I mention all of this to demonstrate that at the very least, though not a Jew, I am no anti-Semite. My own practice at the time of Mormonism was in fact much indebted to Judaism for its keen sense of intellectual engagement with Talmudic sources and with the Torah, an intellectual rigor so expertly and movingly captured by Potok in his novels. Some images from those novels continue to stand out vividly in my memory, none more than the image of Asher Lev’s agnostic teacher of art drawn on the occasion of Simchas Torah – by his still devout young protegé – into a religious ecstasy of dancing:
“… I danced with a Torah scroll – and there on the edge of the crowd of thousands that always came to watch our joy on that day was Jacob Kahn. I pulled him into the line and we held the Torah together and danced. His small dark skullcap was as awkward on his head as was the grasp of his fingers upon the Torah. But we held it together and we danced.”

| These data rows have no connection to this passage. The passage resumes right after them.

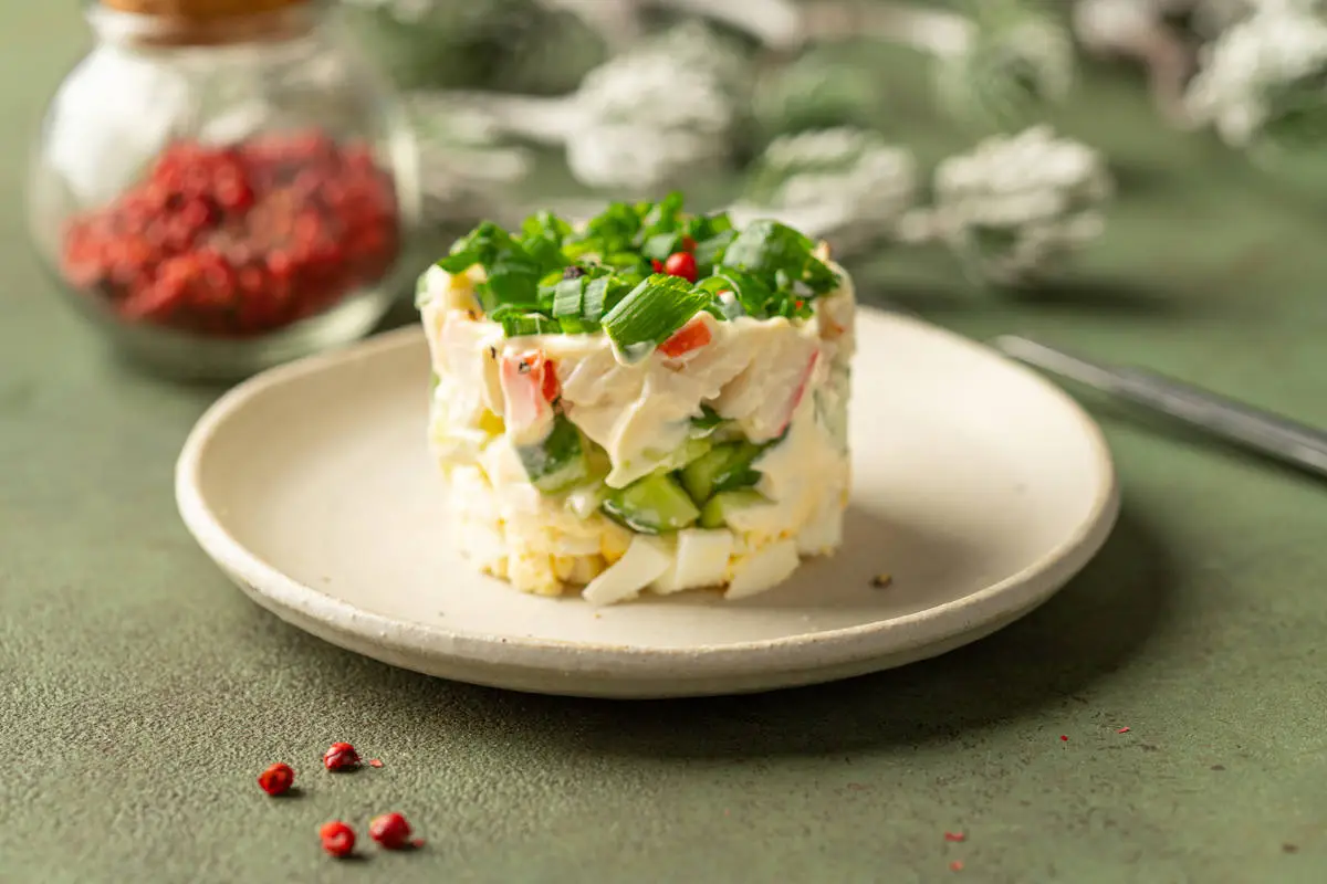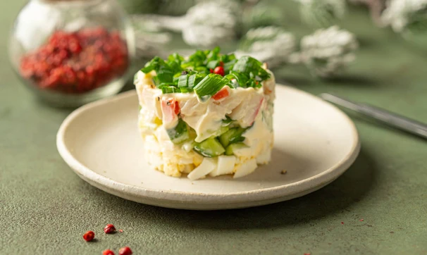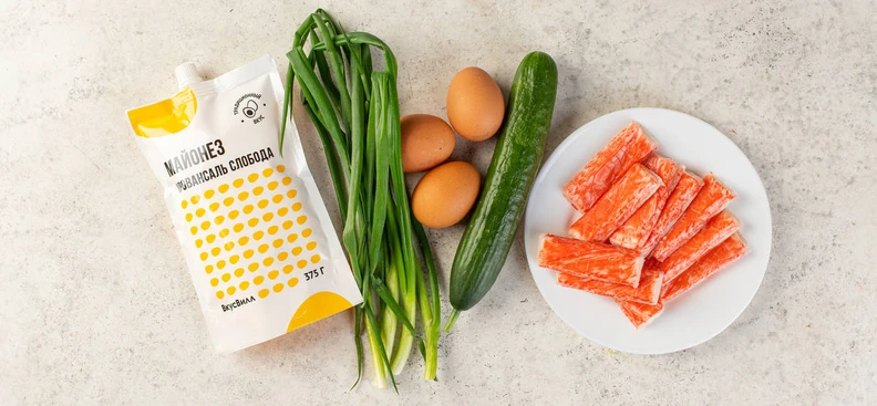 Существует много разных вариантов крабового салата. Мы решили приготовить один из самых популярных — с крабовыми палочками и свежим огурцом. Такой крабовый салат лучше выкладывать слоями.
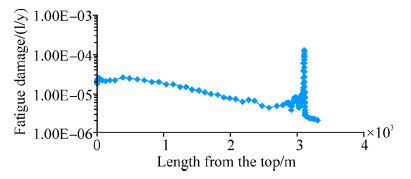 So, the riser fatigue life can be predicted bythe method of the S-N curve and Rainflow counting technique. The fatigue damageof the example riser can be obtained in the SW direction consisting of 15seastates with different probabilities of occurrence. The SCR fatigue damageresults of every seastate were added together with the probability of occurrence.The whole SCR fatigue damage and fatigue life were achieved and the fatiguedamage results are shown in Fig. 4. It can be seen that the maximum fatiguedamage result is located at the TDZ.
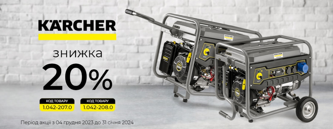 Зручність у використанні. Користувачі, безсумнівно, гідно оцінять практичність генераторів Karcher. До каркаса прикріплено зручне складане руків’я для переміщення. Великі колеса забезпечать маневреність і легке транспортування перетятою місцевістю.
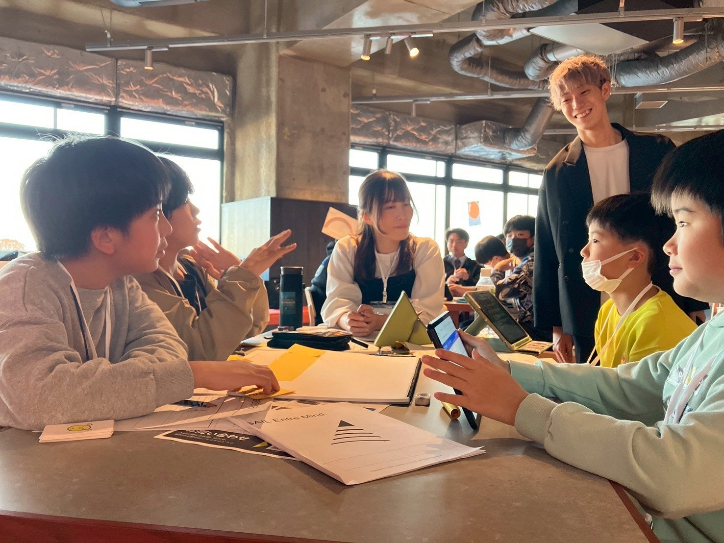 地域の大人メンターと一緒にビジネスアイデアを練る場面
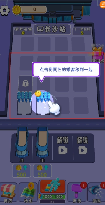 接下来需要选中一伙颜色一致的乘客,安排他们乘坐交通工具,并且必须确保他们登上和自身颜色匹配的车辆。
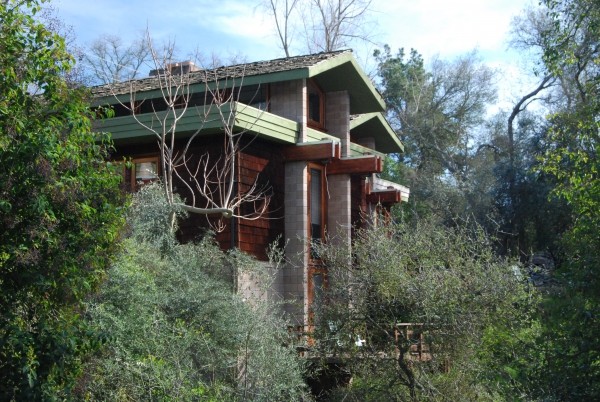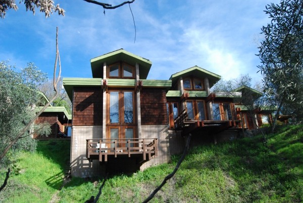 This custom home features a pseudo subterranean entrance, where one travels into the side of a hill which is surrounded with brick, then to the front door. One can imagine once at the front door, you can see straight through the house to the creek lined canyon beyond. There are numerous alcoves beyond each room built into the cliff-side with views to the sky above, but complete privacy.
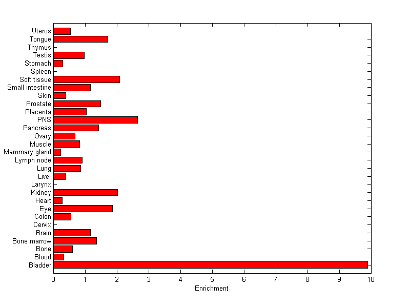 The expression level is normalized with tissue-library size. Each value for a gene in a tissue is a ratio of observed ESTs to the expected one in this tissue. The expected number of ESTs is the product of total ESTs of the gene and the fraction of total ESTs in the tissue among all ESTs in 30 tissues.
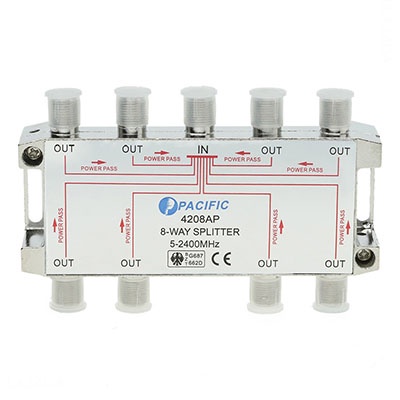Giới thiệu Bộ chia truyền hình cáp PACIFIC 1 ra 8, sử dụng cho tòa nhà cao ốc, khách sạn, nhà riêng, công ty, Chia 8 tín hiệu tivi
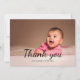 Partilhe a sua sincera gratidão com este cartões de agradecimentos moderno de menina, perfeito para anunciar a sua chegada ou agradecer aos convidados depois de um chá de fraldas. Apresentando sua própria fotografia adorável e "Obrigado" em um roteiro elegante e ousado, este design emparelha o estilo do eterno com um toque pessoal. Personalize facilmente a mensagem e os nomes para criar uma manutenção significativa que comemore sua nova filha e todo o amor e apoio de amigos e familiares. Ideal para chás de fraldas, anúncios de nascimento e comemorações de recém-nascidos.
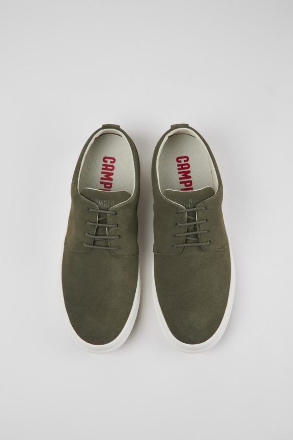 Green nubuck men’s shoes with OrthoLite® Recycled™ removable footbeds and rubber outsoles.
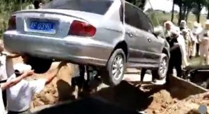 Shanghái (China).-La familia de un hombre de la provincia china de Hebei (norte), amante de los coches, cumplió su última voluntad y le dio sepultura con su propio vehículo como ataúd.
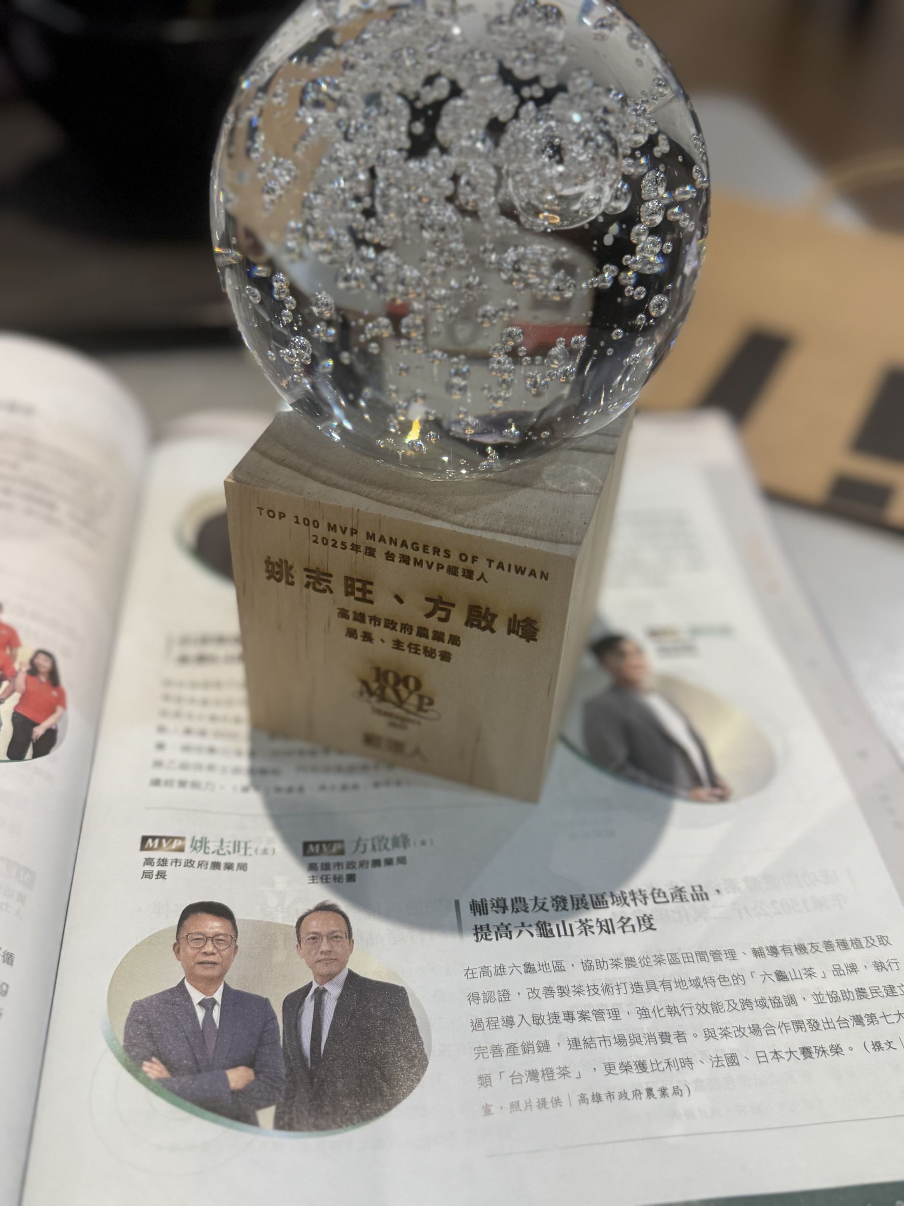 高雄市政府農業局姚志旺局長與方啟峰主任秘書以「六龜山茶產業發展與行銷」專案,榮獲《2025年第18屆100MVP經理人》大獎,頒獎典禮(114)年11月28日在台北遠東香格里拉飯店盛大舉行,農業局突破傳統公部門運作模式,將「敏捷管理」導入農村再生與產業升級,使六龜原生山茶從八八風災後的重建、走向品牌化,再一路踏上國際競賽舞台,成功翻轉地方產業命運,成為最受矚目的公部門典範專案之一,本次典禮亦邀集產官學界代表共同出席,見證高雄市在農業治理與產業創新上的嶄新突破,展現公部門以系統化管理推動地方產業升級的能量。

Potok’s central theme was always the beauty that occurs at the often intensely painful meetings between cultures. It is in this context that I refer back to the novel In the Beginning, in which the young David Lurie is a naive observer of his father’s passionate conversations with like-minded friends on militant Zionism. It was Potok’s gift to reveal with deep sympathy the understandable passion of the immediate victims of the Holocaust while simultaneously revealing those same violent impulses for what they are: human passions that left to fester might be damaging to the religious spirit inspiring them.
And so I approach at last the reason for this post, which is related to the so poignant and so discouraging Israeli-Palestinian conflict of our present day. I should hope it would be understood that to criticize an Israeli policy of excessive force and obstinate provocation of their Palestinian neighbors is not to be anti-Israel or even remotely anti-Semite. Voices of sycophantic flattery who allege that, because of the great crime of humanity that the Holocaust represents, Israel can now do no wrong in its war of self-defense against an eternal Arab enemy – well, these flatterers and hounds of perpetual war are no true friends of Israel given the very great price that everyone involved in that conflict is bound to pay without a genuine effort on behalf of human understanding and peace. Surely no greater evidence of Potok’s thesis on cultural conflict and beauty exists than in the contestedterritoryofIsraelandPalestineat the present moment.
But the dialogue at present is so charged with invective that one can hardly speak a word of reason on that account, and to challenge Israeli policy is to invite the mischaracterization of an anti-Semite. As the editors at the new website Bumba Broadsides suggest, the American public is sorely uninformed or misinformed on this issue. The journalism necessary to really shed some light is out there but only on the margins, scarcely if at all represented in the mainstream media. For that reason I am pleased to publicize an excellent piece of on-the-ground reporting from that website, courtesy of a young American who has just been in Palestine and is soon returning. I urge my readers to check out this important piece of writing at the following address: http://bumbabroadsides.wordpress.com/2012/07/12/the-west-bank-a-view-from-the-ground/. I hope you will find it profitable and that somehow, out of this morass of too often willful hatreds and misunderstanding, the seeds of a lasting reconciliation between two great and suffering peoples might still be planted and grow.